# What to work on
Write out all records as given; omit images.

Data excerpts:
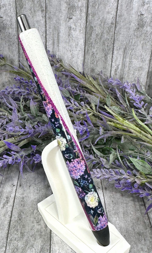 Handmade Black and Purple flowers glitter pen with free refill
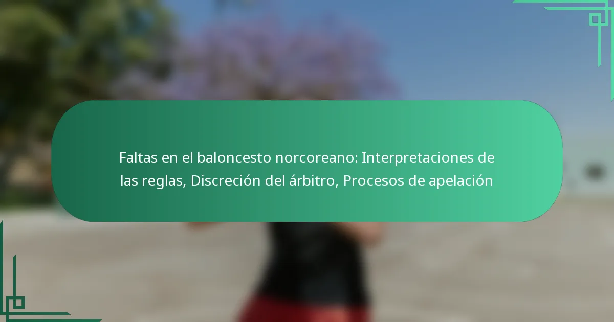 En el baloncesto norcoreano, las faltas son violaciones críticas que pueden alterar la dinámica del juego y resultar en sanciones, lo que hace que una comprensión clara de estas reglas sea esencial para jugadores y entrenadores. La discreción del árbitro juega un papel significativo, ya que los oficiales interpretan las reglas en función del contexto del juego, lo que puede influir en los resultados. Además, los equipos tienen la oportunidad de impugnar las decisiones de faltas a través de un proceso de apelación formal, asegurando la equidad y la transparencia en las decisiones arbitrales.
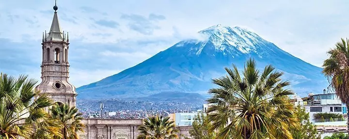 Arequipa liegt beinahe 2.400 Meter über dem Meeresspiegel in den wunderschönen Anden, mit herrlicher Aussicht auf die Vulkane Misti (5.822 m), Chachani (6.057 m) und Picchu Picchu (5.699 m). Die Stadt heißt auch „Die weiße Stadt“, da die meisten Häuser aus vulkanischem Gestein bestehen.
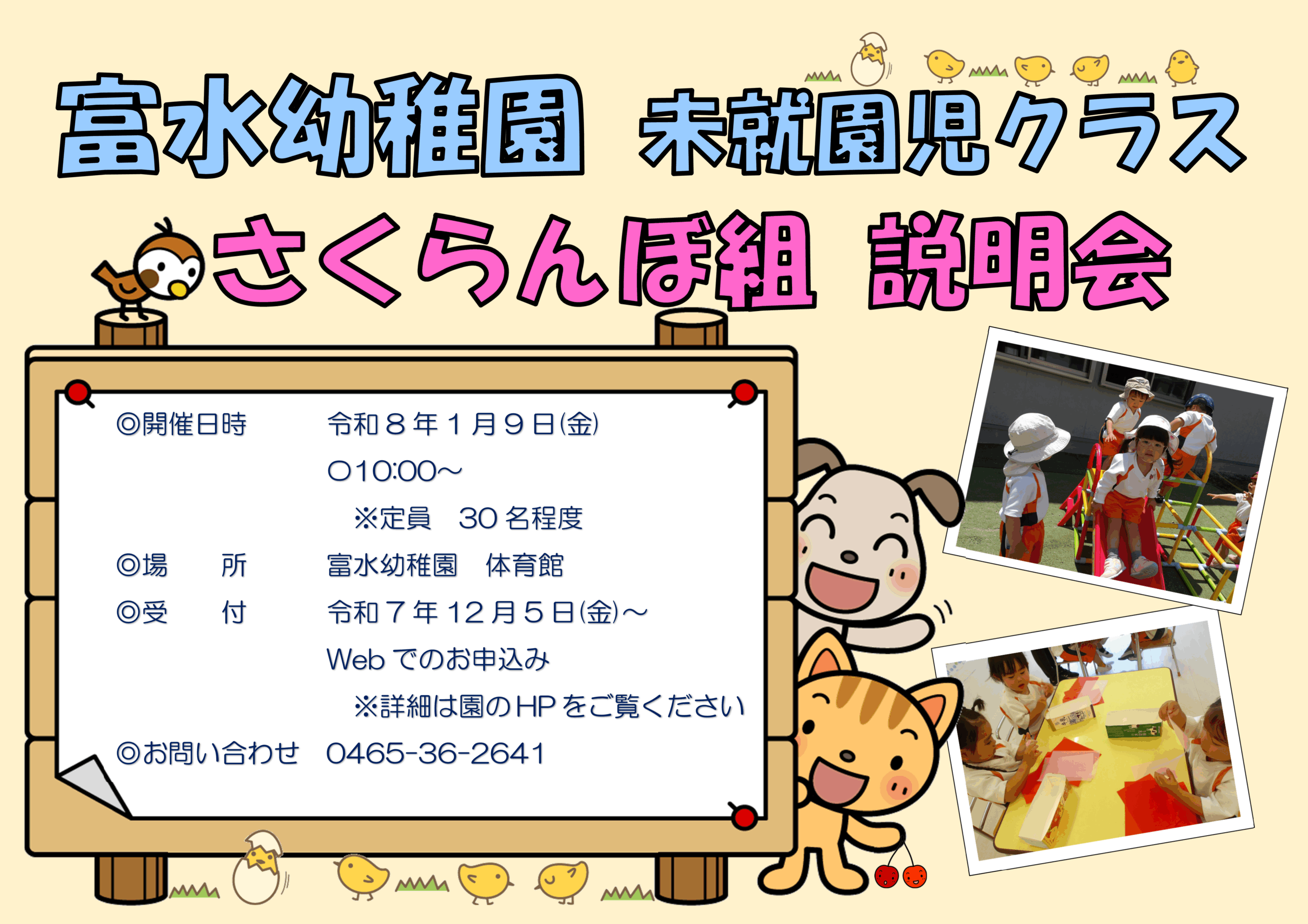 令和8年度 未就園児クラス さくらんぼ組 説明会の開催及び願書販売のお知らせ
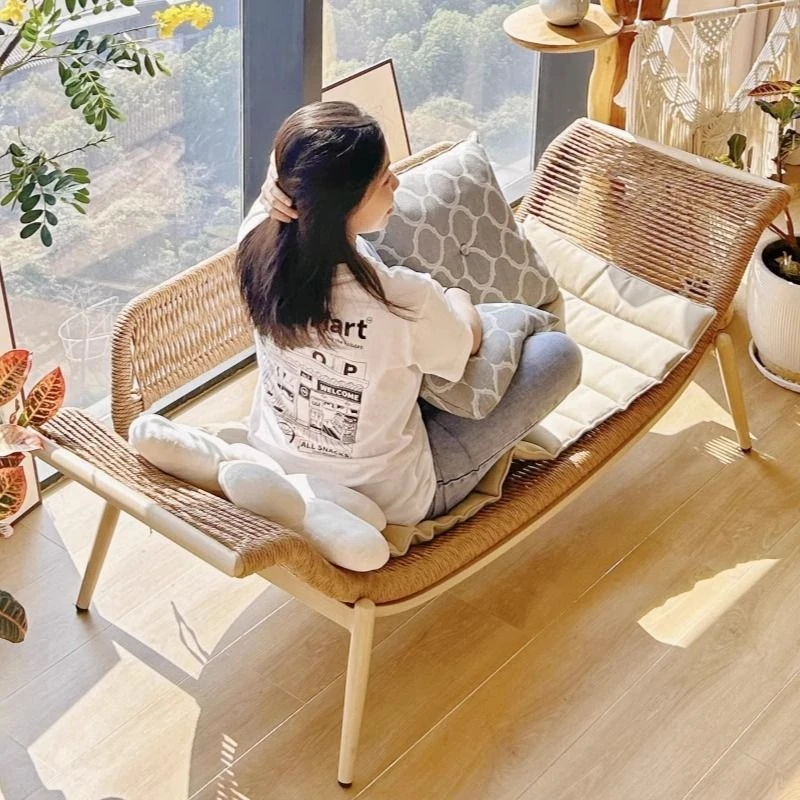 おしゃれな藤製ベッドルームチェア!リラックスできるデザインのロングチェア、シンプルでエレガントなダブル・トリプルチェアのセット。欧風の藤製ソファで、心地よいひとときをお楽しみください。
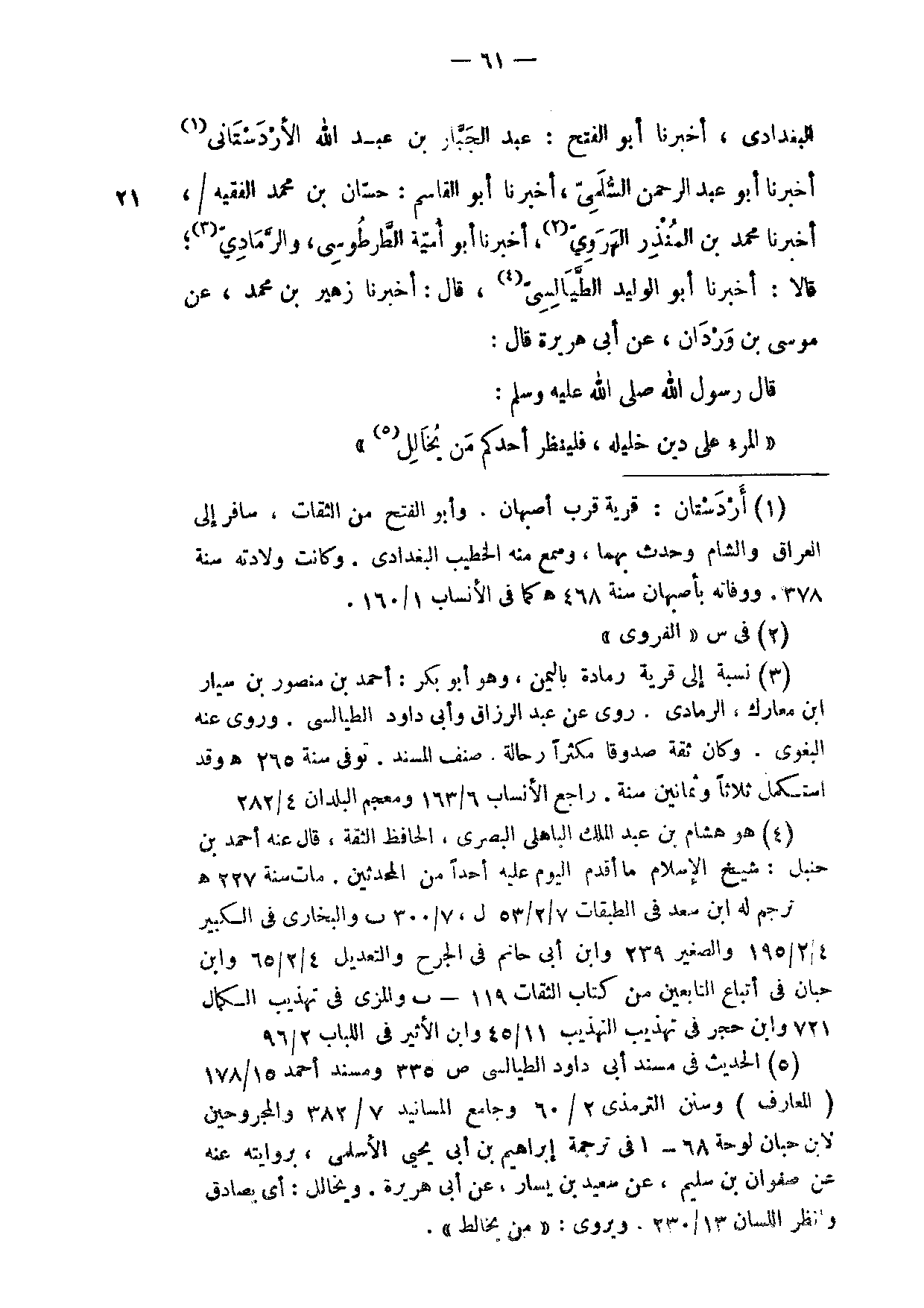 الْبَغْدَادِيُّ أَخْبَرَنَا أَبُو الْفَتْحِ عَبْدُ الْجَبَّارِ بْنُ عَبْدِ اللَّهِ الْأَرْدَسْتَانِيُّ أَخْبَرَنَا أَبُو عَبْدِ الرَّحْمَنِ السُّلَمِيُّ أَخْبَرَنَا أَبُو الْقَاسِمِ حَسَّانُ بْنُ مُحَمَّدٍ الْفَقِيهُ أَخْبَرَنَا مُحَمَّدُ بْنُ الْمُنْذِرِ الْهَرَوِيُّ أَخْبَرَنَا أَبُو أُمَيَّةَ الطَّرْطُوسِيُّ وَالرَّمَادِيُّ قَالَا أَخْبَرَنَا أَبُو الْوَلِيدِ الطَّيَالِسِيُّ قَالَ أَخْبَرَنَا زُهَيْرُ بْنُ مُحَمَّدٍ عَنْ مُوسَى بْنِ وَرْدَانَ عَنْ أَبِي هُرَيْرَةَ قَالَ
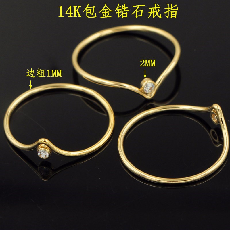 US 14K Gold Gold Injection GF20/1 with Ring Ring Zircon V Ring Finger Ring for Women Simple and Fashionable
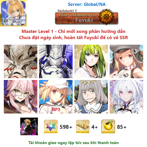 ⚠️ Vì tài khoản chưa hoàn tất chương đầu là Fuyuki, nên sẽ chưa có vé chọn SSR miễn phí, mọi người mua về chơi xong chương đầu sẽ có.
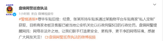 据盘锦市公安局网络安全保卫支队官微消息,盘锦市公安局网络安全保卫支队发布“辱华车贴”后续:经查,张某所持车贴系通过某购物平台车贴商家“私人定制”获取,目前商家老板及客服已被当地公安机关处以行政拘留5日的行政处罚。
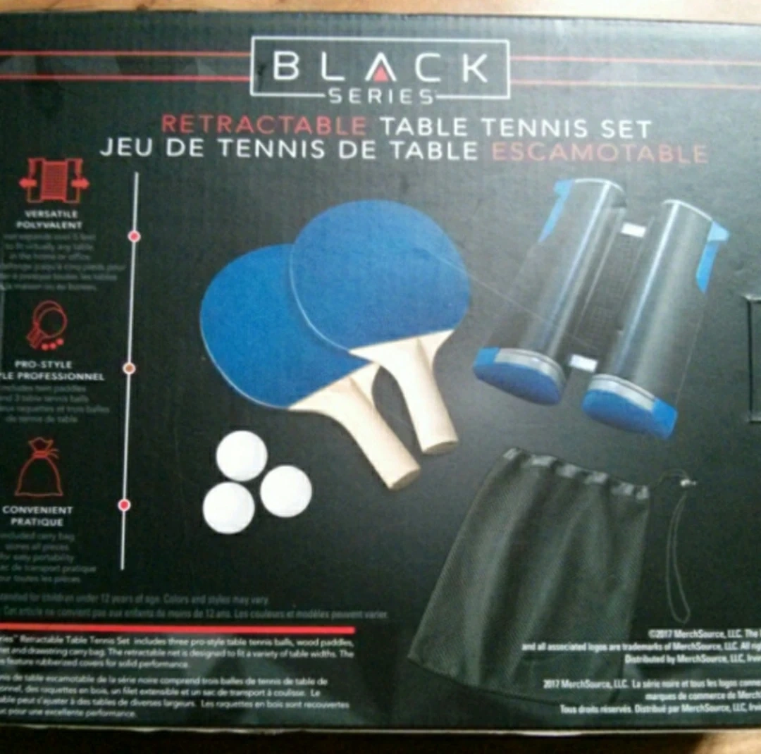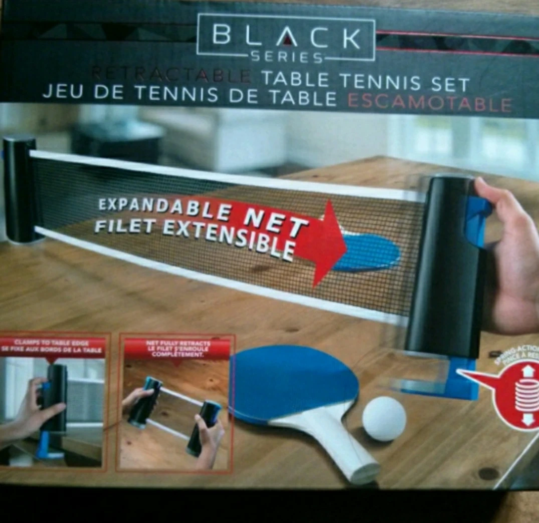A table tennis set. Includes paddles, net, and balls. Great for entertaining a couple of friends for a friendly game. The net is expandable.

# Solution for this exercise
 Handmade Black and Purple flowers glitter pen with free refill
 En el baloncesto norcoreano, las faltas son violaciones críticas que pueden alterar la dinámica del juego y resultar en sanciones, lo que hace que una comprensión clara de estas reglas sea esencial para jugadores y entrenadores. La discreción del árbitro juega un papel significativo, ya que los oficiales interpretan las reglas en función del contexto del juego, lo que puede influir en los resultados. Además, los equipos tienen la oportunidad de impugnar las decisiones de faltas a través de un proceso de apelación formal, asegurando la equidad y la transparencia en las decisiones arbitrales.
 Arequipa liegt beinahe 2.400 Meter über dem Meeresspiegel in den wunderschönen Anden, mit herrlicher Aussicht auf die Vulkane Misti (5.822 m), Chachani (6.057 m) und Picchu Picchu (5.699 m). Die Stadt heißt auch „Die weiße Stadt“, da die meisten Häuser aus vulkanischem Gestein bestehen.
 令和8年度 未就園児クラス さくらんぼ組 説明会の開催及び願書販売のお知らせ
 おしゃれな藤製ベッドルームチェア!リラックスできるデザインのロングチェア、シンプルでエレガントなダブル・トリプルチェアのセット。欧風の藤製ソファで、心地よいひとときをお楽しみください。
 الْبَغْدَادِيُّ أَخْبَرَنَا أَبُو الْفَتْحِ عَبْدُ الْجَبَّارِ بْنُ عَبْدِ اللَّهِ الْأَرْدَسْتَانِيُّ أَخْبَرَنَا أَبُو عَبْدِ الرَّحْمَنِ السُّلَمِيُّ أَخْبَرَنَا أَبُو الْقَاسِمِ حَسَّانُ بْنُ مُحَمَّدٍ الْفَقِيهُ أَخْبَرَنَا مُحَمَّدُ بْنُ الْمُنْذِرِ الْهَرَوِيُّ أَخْبَرَنَا أَبُو أُمَيَّةَ الطَّرْطُوسِيُّ وَالرَّمَادِيُّ قَالَا أَخْبَرَنَا أَبُو الْوَلِيدِ الطَّيَالِسِيُّ قَالَ أَخْبَرَنَا زُهَيْرُ بْنُ مُحَمَّدٍ عَنْ مُوسَى بْنِ وَرْدَانَ عَنْ أَبِي هُرَيْرَةَ قَالَ
 US 14K Gold Gold Injection GF20/1 with Ring Ring Zircon V Ring Finger Ring for Women Simple and Fashionable
 ⚠️ Vì tài khoản chưa hoàn tất chương đầu là Fuyuki, nên sẽ chưa có vé chọn SSR miễn phí, mọi người mua về chơi xong chương đầu sẽ có.
 据盘锦市公安局网络安全保卫支队官微消息,盘锦市公安局网络安全保卫支队发布“辱华车贴”后续:经查,张某所持车贴系通过某购物平台车贴商家“私人定制”获取,目前商家老板及客服已被当地公安机关处以行政拘留5日的行政处罚。
A table tennis set. Includes paddles, net, and balls. Great for entertaining a couple of friends for a friendly game. The net is expandable.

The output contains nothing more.